燕冰寒給上官雷回了一封信,然後裝入絕密信封,交與黃寶。
遣散了所有的下人,偌大的書房裡只剩下他一人,燕冰寒嘆口氣,起身,立於窗前。雪,還在下著,不大,但洋洋灑灑,溫暖的書房卻令燕冰寒身上起了一絲寒意,伸手緊了緊衣領,看著那雪花,燕冰寒輕輕地笑了,落雪,想到你,我的心竟在一點一點地變暖,我合了你的心意,拖住上官雷,但這只是暫時的,我的條件,那就是你!
一朵雪花透過窗欞的縫隙飄了進來,瞬間便被房裡的熱氣融化了,燕冰寒無聲淺笑著,落雪,待這雪停了,我還要去找你!
…………………
平南將軍府。
藍夕顏自那夜之後,便一直心神恍惚著。
由於莊親王爺不同意上官舞蝶回將軍府養傷,雖上官雷權大勢大,但是嫁出去的女兒就是夫家的人了,終不好說什麼,便使藍夕顏帶著丫環去探望他們的女兒。
龍傲天對這位夫人一直是以禮相待,整個上官家,大概就數他的這個岳母大人算是個可交往的人了,所以,龍傲天就算再不喜歡上官家的人,卻還是命管家對藍夕顏熱情接待。
“王爺,蝶兒從小任性,已經被她爹寵壞了,如今造成今天的局面,都是她自找的。

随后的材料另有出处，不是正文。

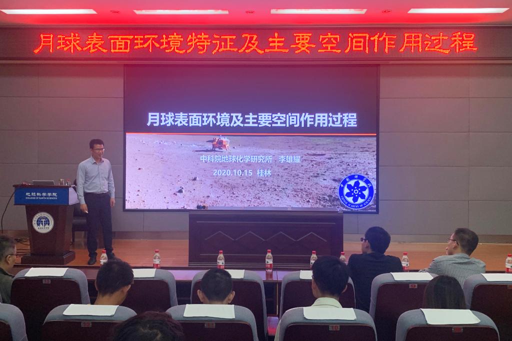 10月15日下午,我院客座教授、中国科学院地球化学研究所研究员、月球与行星科学研究中心主任李雄耀在雁山校区逸夫楼01501报告厅,作题为“月球表面环境特征及主要空间作用过程”的精彩学术报告。报告会由学院院长许成教授主持。

王爺對蝶兒也算是盡力了,我知道你為保她被那斷臂公子傷了一劍,為此,我非常感謝王爺,不敢對王爺有半分的責怪,這一次,蝶兒能保住性命,也算是那斷臂公子手下留情。”
“但是,依王爺來看,蝶兒是不是必會死在那人手上?”藍夕顏去“清心閣”瞧過上官舞蝶後,來到正廳,見了龍傲天,便坦誠著心裡話。
“夫人,本王不敢保證!老話說的好,天作孽,猶可恕;自作孽,不可活!所以,若那斷臂公子真的要下手,本王亦阻止不了!”龍傲天平靜的臉上看不出此刻的想法。
“王爺,我知道了。我只請求王爺一件事,那就是若真到蝶兒性命難保的時候,煩王爺從中周。旋,並差人到將軍府找我,我想親自問問那斷臂公子,好嗎?”藍夕顏帶著懇求的語氣,道。
龍傲天無法拒絕,便點點頭答應。
藍夕顏出了莊王府,卻不想坐轎回府,她已經厭煩了那個家,所以她想趁著這個時間出來透透氣。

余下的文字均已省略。